In a recent interview with U.S. News, tax reform advocate Grover Norquist shared three keys to becoming a leader in any high-pace environment: Work hard, do not whine and know where you are going.

Let’s explore those three keys.

Work Hard

This is no secret. Succeeding in real estate [really, in any endeavor] depends on working hard. It’s the prinicple of critical mass: 90 percent of a plane’s fuel is spent getting it up to altitude. But once it’s in the air, it pretty much coasts.

This doesn’t mean you won’t work hard AFTER you become a leader in your market. You may work just as hard. But you won’t feel like you’re swimming up stream. You’ll feel like you’re floating down it.

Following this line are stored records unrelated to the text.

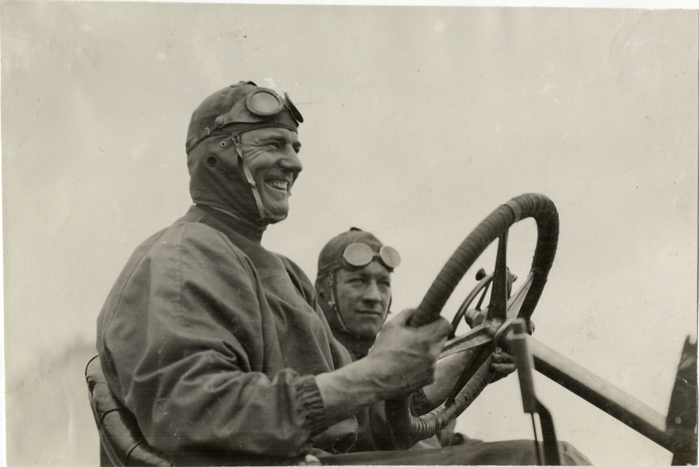 Joe Seymour and passenger in Simplex racecar, 1908 Grand Prize races
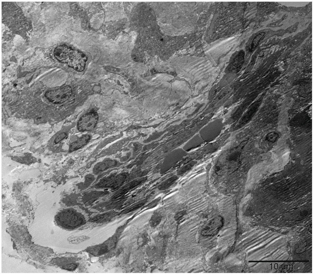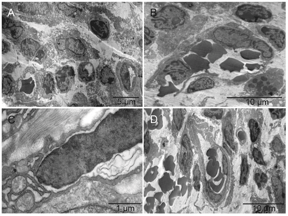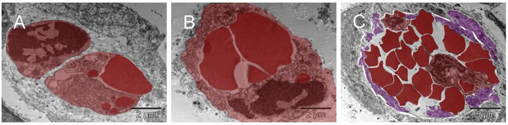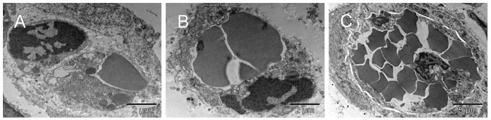 Three weeks after implantation, some cells kept converting into the erythrosomes and others kept providing structural support to them but in a more complex way. Their phenotypes kept changing (Figure 9 & Figure S9). Some cells were producing large amounts of collagen as if converting their entire cytoplasm into masses of collagen while their nuclei were converting into erythroschizosomes (Figure 9 & Figure S9 [C]) leading to a new tissue canvas in the form of fields of collagen with erythrosomes scattered in there. Such vessel-free erythrosomes described earlier in a similar context were believed to be extravasated erythrocytes. Eosinophils, adipocytes and dendritic cells were occasionally present in that environment as well. Erythrosomes and cells providing structural support to them seemed to have been chemotacticly attracted to each other regardless of the current level of their differentiation. Moreover, segments of new vasculature with increasing structural complexity were assembling around emerging erythrosomes into capillaries and vessels of variable size simultaneously. Occasionally, megakaryocyte-resembling cells were positioning themselves like pericytes, i.e. abluminally, close to a forming vessel. The one in Figure 9 & Figure S9 [B] might have been a megakaryocyte evolving into ECs or pericyte. Still greater complexity of the vasculature morphogenesis was evident in the second mouse with tumor grown for three weeks. D epending on the location in the section, the more primitive forms of the vasculature were present as well. Collagen came across as an important factor for building not only vasculature but also tumor tissue (Figure 10 & Figure S10). Signs of hypoxic stress were in the form of relatively small darkening or necrotic mitochondria (loosing their internal structure) and dilated cisternae of endoplasmic reticulum (ER) partially depleted of ribosomes and resembling vesiculo-vacuolar organelles (VVOs)59, (Figure 10 & Figure S10 [D]).
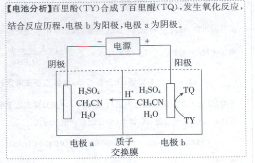 8. 【学术探索】(2025·陕晋青宁卷,3分)我国科研人员采用图示的电解池,由百里酚(TY)合成了百里醌(TQ)。电极b表面上的主要反应历程见图(灰球表示电极表面催化剂)。下列说法错误的是(
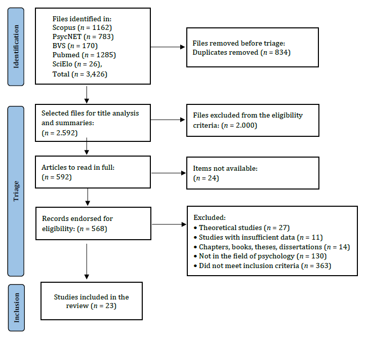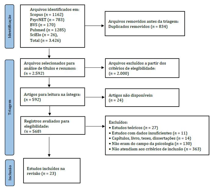 Na busca inicial das bases de dados científicas, foram recuperados 3426 artigos, sendo: Scopus (n = 1162), PsycNET (n = 783), BVS (n = 170), Pubmed (n = 1285), SciElo (n = 26), dos quais 834 foram removidos por serem duplicados. Analisaram-se 2592 publicações pelo título e resumo, sendo eliminados 2000 estudos por não cumprirem os critérios de inclusão. Logo, 592 artigos foram avaliados na íntegra, no entanto, 24 foram excluídos por não estarem disponíveis para leitura. Dos 568 artigos restantes para serem avaliados na íntegra quanto à elegibilidade, foram excluídos 545, sendo: estudos teóricos (n = 27); estudos com dados insuficientes (n = 11); capítulos, livro, teses, dissertações (n = 14); não eram do campo da psicologia (n = 130); não atendiam aos critérios de inclusão (n = 363). Ao final, 23 artigos foram incluídos para a revisão (Figura 1). Ademais, um resumo das características gerais de interesse dos estudos incluídos é fornecido na Tabela 2.
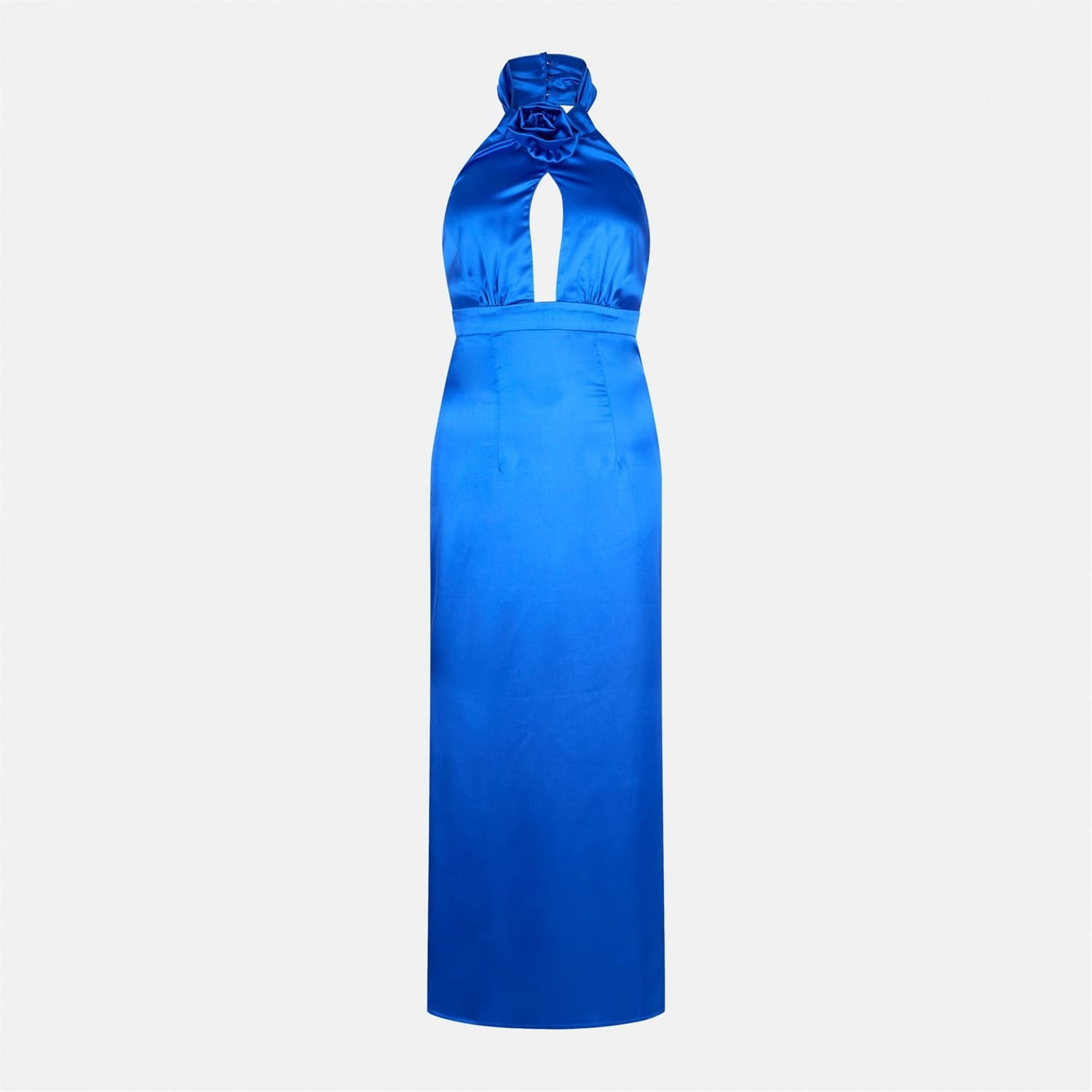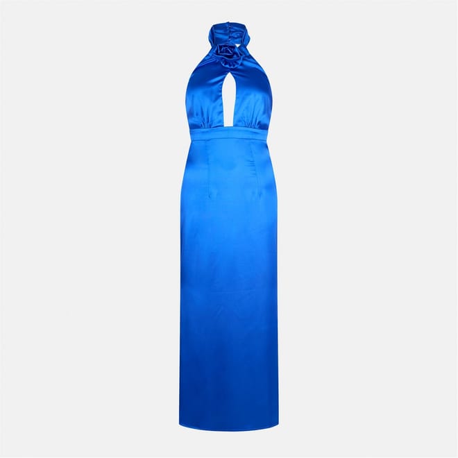 This Amylynn maxi gown is a stunning addition to any wardrobe. Featuring a halter neck and spaghetti straps, it offers a sleek silhouette with a slim fit. The solid pattern and straight hem create a timeless look, while ruffle embellishments add a touch of elegance. Perfect for special occasions, this dress combines style and sophistication effortlessly. -

Now, one of the biggest obstacles is overcoming procrastination. It’s usually that initial push over inertia. If that’s you, try this 10-step method.

No Whining

Whether you simply don’t have any leads coming in or you are frustrated with home owners or can’t stand the thought of cold calling, do not complain. Just shut up and do it.

All of these components of buying and selling real estate are things you must do. So grow that thick hide so rejection can bounce right off you. Criticism can easily deflect away from you.

Where Are You Going

As I’ve said before, happy endings are product of hard work. And good plans. Where you confront the brutal facts. Doing this can be the difference between a good ending and a bad one.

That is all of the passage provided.